2015 IPFW Student Research and Creative Endeavor Symposium



Download Full Text (1.3 MB)

Faculty Sponsor

Dr. Jin Soung Yoo


Department of Computer Science

University Affiliation

Indiana University – Purdue University Fort Wayne


Many industries that have been collecting digital data are having difficulties in scaling up their systems because of the large size of the data. Since a collection of data sets is so large and complex, it becomes difficult and expensive to process using available database management tools or traditional data processing applications. The challenge for large data sets is because most of relational database management systems do not scale to meet the needs. Working in a cloud parallel systems running on clusters of commodity servers, big data can be analyzed much quicker and more efficiently.

Radio Frequency Identification (RFID) technology is a prevalent tool in tracking commodities in supply chain management systems. Most major retailers use RFID systems to track the movement of products from suppliers to warehouses, store backrooms and eventually to points of sale. The amount of information generated by such systems can be enormous since each individual item (a pallet, a box, or a SKU) will leave a trail of data as it moves through different locations. Data warehousing provides architectures and tools for business executives to systematically organize, understand, and use their data to make strategic decisions.

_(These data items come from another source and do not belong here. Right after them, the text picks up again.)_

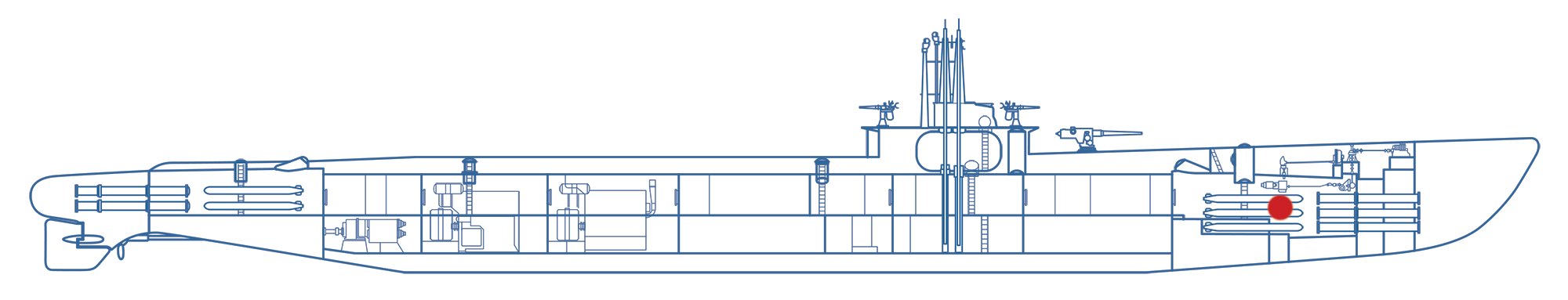 This compartment was the sleeping quarters for about 14 crewmen, who shared the space with 16 Mark 14 torpedoes - 6 in the tubes and 10 reloads. The torpedo tubes in the bow of the boat were always loaded and ready to fire.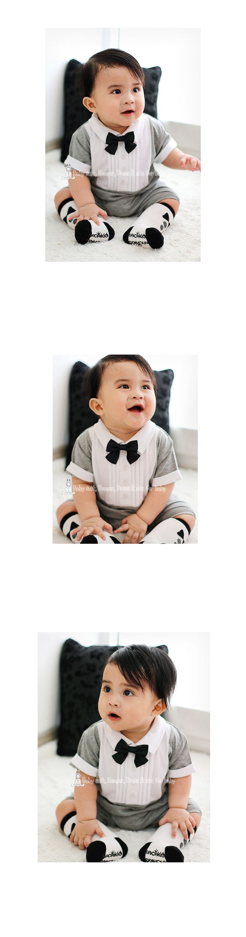 리본형 보타이가 탈부착 가능한 레슬리 보타이 롬퍼입니다. 보타이만 부착해주면 드레시한 정장풍 외출복 롬퍼가 됩니다.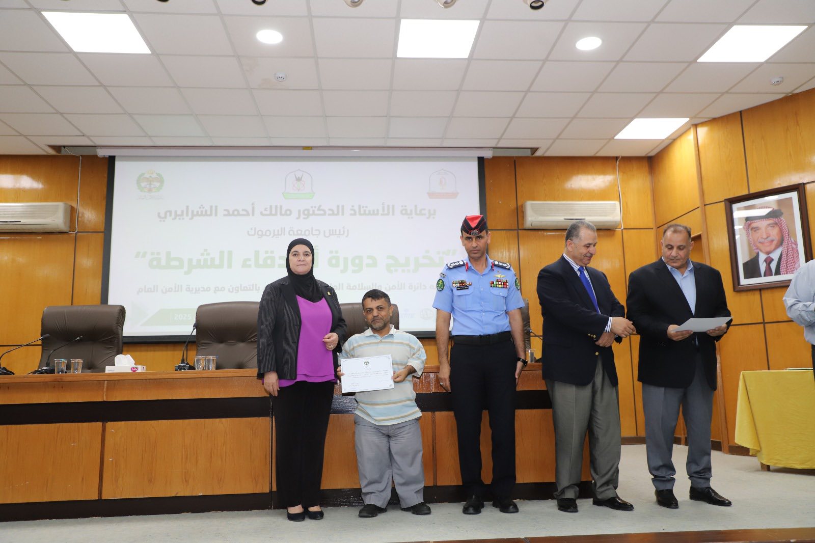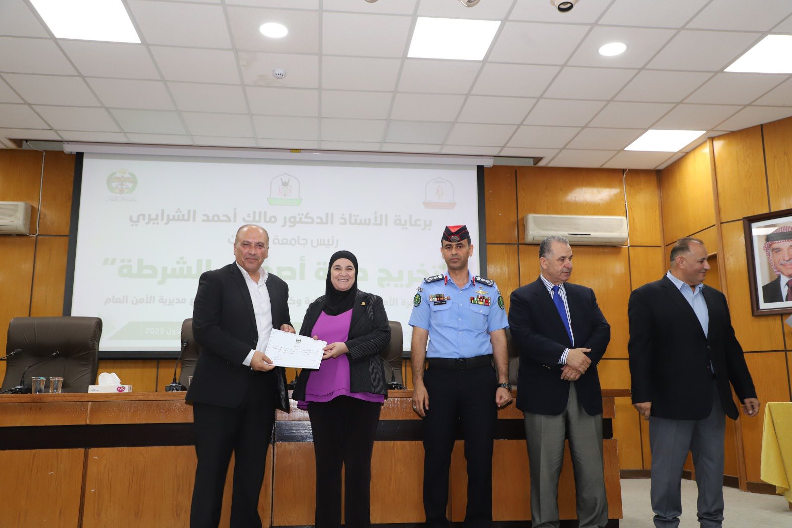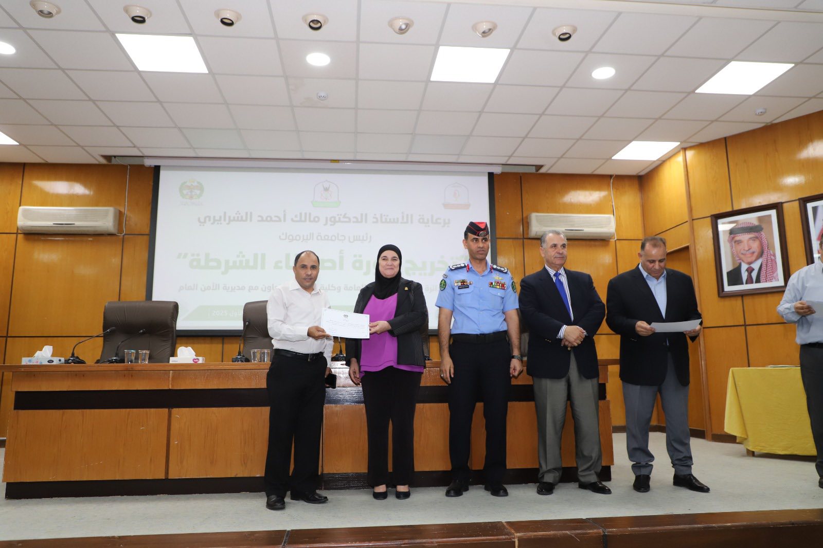 مندوبا عن رئيس الجامعة الدكتور مالك أحمد الشرايري، رعت نائب رئيس الجامعة الدكتورة ربا البطاينة، بحضور مساعد مدير شرطة إربد العقيد حسام العجارمة، وعميد كلية الإعلام الدكتور زهير الطاهات، ومدير دائرة الامن الجامعي والسلامة العامة محمد العثامنة، ورئيس فرع الشرطة المجتمعية الرائد منذر العبابنة، حفل تكريم وتوزيع الشهادات على أفراد دائرة الأمن والسلامة العامة، المشاركين في دورة أصدقاء الشرطة التي نظمتها دائرة الأمن والسلامة العامة بالتعاون مع مديرية الأمن العام، وكلية الإعلام.

Warehousing and mining massive RFID datasets is an essential problem with great potential benefits for inventory management, object tracking, and product procurement process. This work presents a cloud based data warehouse (DW) solution for storing and analyzing spatio-temporal RFID data. The design of the data warehouse would be improved with cloud computing environment (Hadoop and Hive) by enhancing performances in Extract-Transform- Load (ETL) and OLAP (Online Analytical Processing) by changing and upgrading traditional relational schema with Hive data model and various collection types like array, struct, and map. Hadoop provides a parallel-processing computing framework for data storage and processing and Hive, an open-source data warehousing solution built on top of Hadoop, provides an SQL dialect (HiveQL) that translates existing data infrastructure to MapReduce jobs, thereby exploiting the scalability of Hadoop while presenting a familiar SQL abstraction.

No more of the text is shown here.